Installing Radiator Baffles

By John Trifari

Originally published in the Austin-Healey Magazine, August 1995


Hand drawing by Geoff Healey

Several years ago Geoff Healey wrote an article in Chatter in which he described a technique for keeping Healey engine temperatures down. Apparently he discovered that the open spaces at the side of the radiator were causing hot air that had passed through the radiator to re-circulate, dramatically increasing temperatures. By adding baffles to each side of the radiator and forcing all air flow through the radiator, he could idle the car in a closed room with no noticeable increase in operating temperature.


Norman Nock of British Car Specialists in Stockton CA gave me the first hint of the importance of baffles when I first started editing Austin-Healey Magazine. He suggested that I use blocks of foam to close off the open spaces at the side of the radiator on my BNI, and I used that approach until I decided that a more permanent solution was in order. The result was two baffles I custom-fitted to my BNI. They use the four mounting brackets and screws used to secure the radiator to the frame, and take advantage of the bracket on the radiator halfway up each side. To prevent flutter, the left-hand baffle is also screwed down to the radiator support on the left hand side. The ends of both are screwed to the fender wells via angle brackets.


Figure 1 shows the left hand baffle facing forward (A). Note the cut-out for the headlight wiring (B) and the steering column (C). The actual left-hand baffle is shown in reduced form in Figure 2. Figure 3 (A) shows the right-hand baffle. Note the way the top is cut to accommodate the air vent tube. The right hand baffle is shown in reduced form in Figure 4.



Both baffles were created from cardboard templates that I made up using the time-proven hit and miss method. Use the dimensions shown in Figures 2 and 4 as a general guide to the creation of a set of templates for your templates. Once I had the templates cut to my satisfaction, I transferred the pattern to pieces of metal flashing. I cut the baffle out using tin snips. This was my first real experience cutting sheet steel, and it wasn’t fun. It was like using a double-edged razor blade to build a model airplane—all over my hands were these angry little cuts. If convenient, handle the baffles with gloves. In any event, the edges of both baffles were covered with duct tape to permit easy(and safe) handling (be sure to put edge protection on the cut out where the headlight wire passes through the left-hand baffle in front of the relay.) Also keep a bottle of iodine handy. Better yet, don’t use flashing. Something that’s slightly thicker and less pernicious—like aluminum—might be better, although a thicker baffle is more difficult to twist around the steering column.
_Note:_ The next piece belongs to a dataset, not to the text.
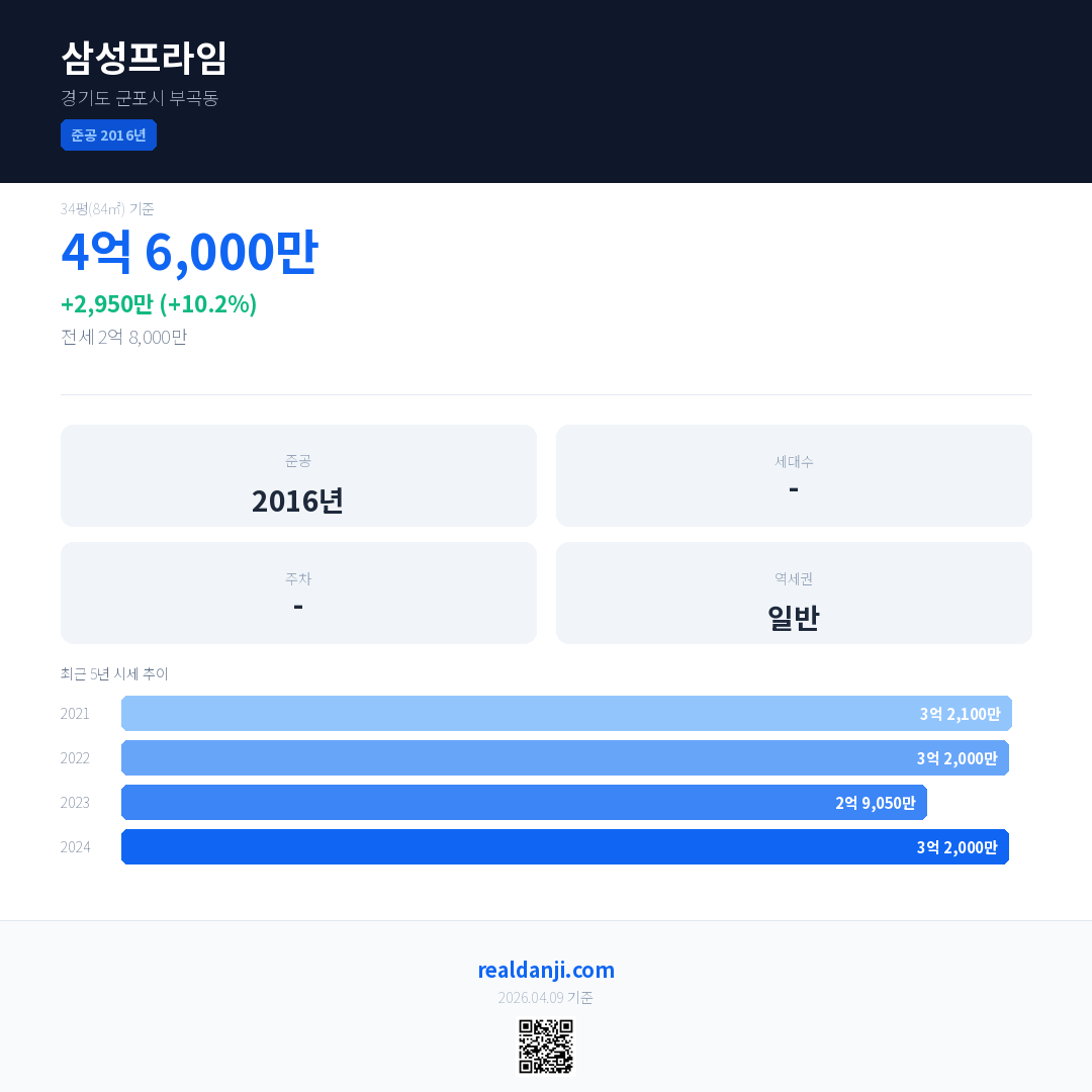 삼성프라임 최근 거래가는 4억 6,000만입니다. (2024-12)

To mount the left-hand baffle, I positioned it and made any on-the-fly modifications with my tinsnips. Then I marked off the mounting holes on the radiator where I was going to mount the baffle through the radiator stays and positioned the angle bracket on the left fender well. Then I drilled all the mounting holes in the baffle, and painted it. To mount the bracket down I first unscrewed the lower radiator mounting bolt, and re-mounted it through the baffle, repeating the process with the upper bolt. Then I ran a bolt through the baffle and the upper radiator mounting bracket (see D Figure 1), and used a sheet metal screw, to secure the baffle to the middle mounting bracket on the radiator. (See E Figure 1). Then I screwed down the angle bracket needed to secure the end of the baffle to the fender well. The right baffle went easier since I didn’t have to wiggle it around the steering column and worry about the headlight leads. Again, the baffle was mounted to the radiator through the mounting brackets. Then I used a sheet metal screw on the middle bracket, and mounted down an angle bracket at the end (see B Figure 3). One tip in installing the left and righthand baffles: don’t tighten everything down until all bolts have been positioned.


The results seem to have justified the iodine I used on my hands. Running temperatures typically do not exceed 165°F in normal running, even during a recent heat spell we had on the Coast. Car temps have occasionally hit 195°F when the car is driven up a long grade. Hope all this has been thoroughly baffling.